Saturday, June 02, 2007

Strange Powers

A Personal Note:

We've been cleaning out and refurbishing the flat here in Heliopolis that my father's family grew up in. My grandmother, both spendthrift and a packrat, had managed over the years to accumulate an unbelievable amount of crap in the apartment, most of which needed to be disposed of long ago. There have, however, been some interesting finds amongst the innumerable bits of plastic junk and bric-a-brac: we've found three old record players, for instance, an old X-Ray box that my dad made during medical school, a wealth of long-since out of print (if not banned) books on Socialism and Marxism, and a human skull signed by many of the members of my father's graduating med. school class.

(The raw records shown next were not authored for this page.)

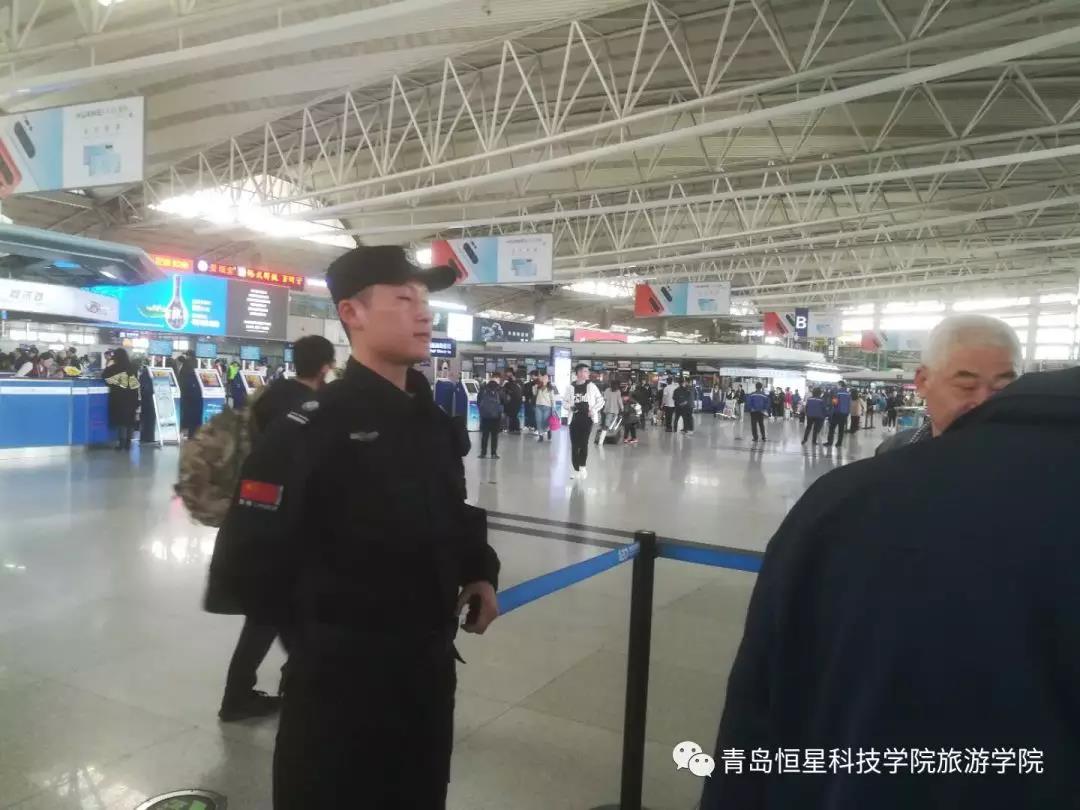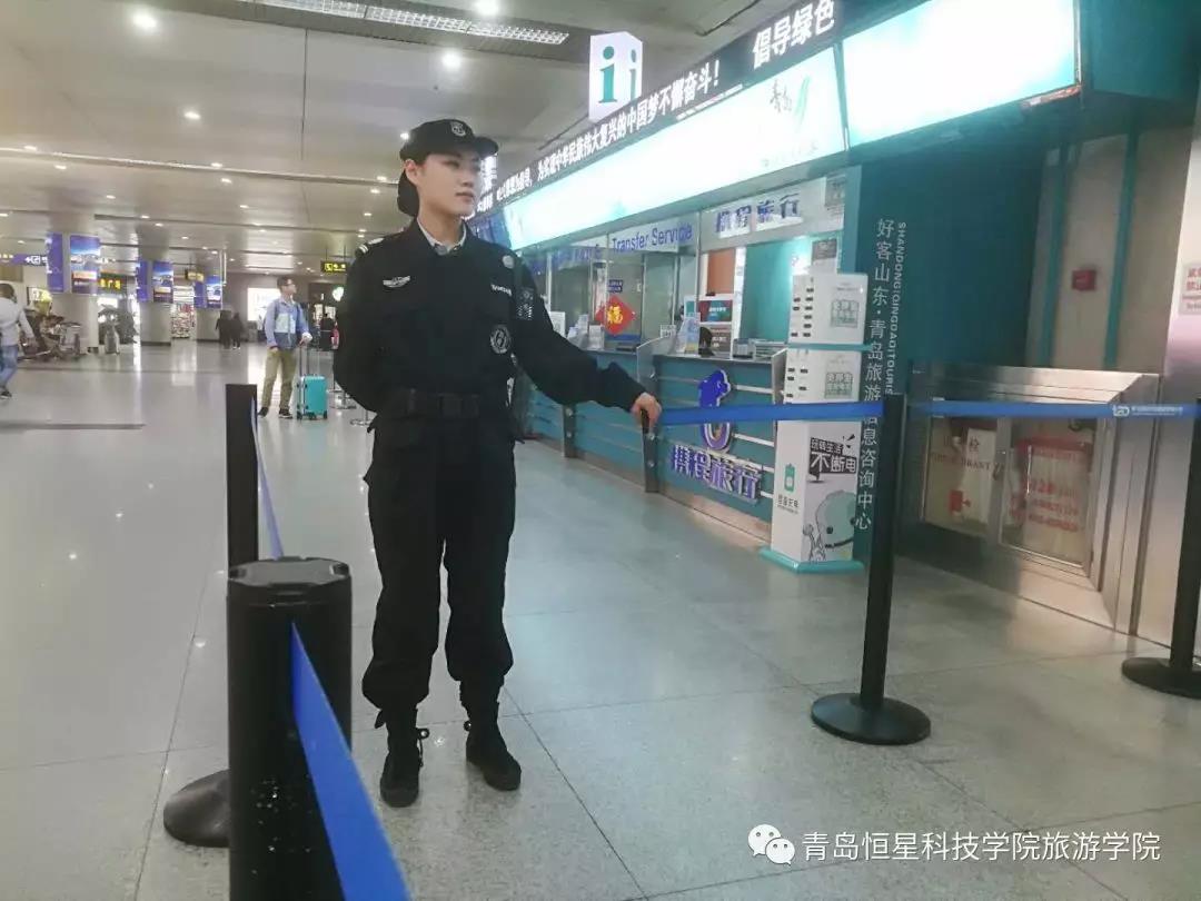 旅游学子在青岛流亭机场担任防爆检查岗位
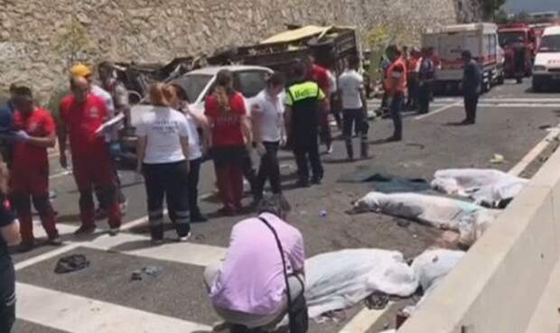 Водитель, выполняя маневр на опасном повороте, не справился с управлением, в результате чего машина перевернулась.Правоохранители выясняют причины трагедии. Как уточнил губернатор Имер Чичек, все погибшие являются гражданами Турции. В больницы были госпитализированы 11 человек, они находятся в тяжелом состоянии.
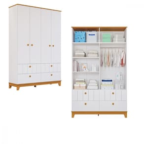 Características Guarda-roupa: Estrutura em MDF Acabamento em Pintura UV 4 Portas 4 Gavetas Corrediças telescópicas Dobradiças Slow Motion Suporta até 25kg Cada gaveta suporta até 3kg Puxadores em madeira maciça Pés em MDF

Today however, in looking through some old papers and notebooks, I found some of my grandfather's old business cards. Though the cardstock was a bit thin by today's standards, the cards were striking enough to make even Pat Bateman freeze, and bore a simplicity of an age since passed. No email, no mobile, no fax; my grandfather's name, the company name and his position, and two numbers: one for Alexandria, one for Cairo (both only five digits).

I never knew my grandfather, he died shortly before my birth, but seeing his business card I feel as if I've learned something about the man, I've been able to locate the simplicity and grace that I'd heard about him in as many stories in a physical object of his. It may sound like I'm "Accessorizing the Renaissance" here, but it is interesting to think of the traces we leave, and ways that we mark objects and personal affects. There's a fair amount to be said about how objects, goods, and commodities shape our lives and change our ways of being, but I think it's equally interesting to consider how we go about the process of shaping those objects, changing their being.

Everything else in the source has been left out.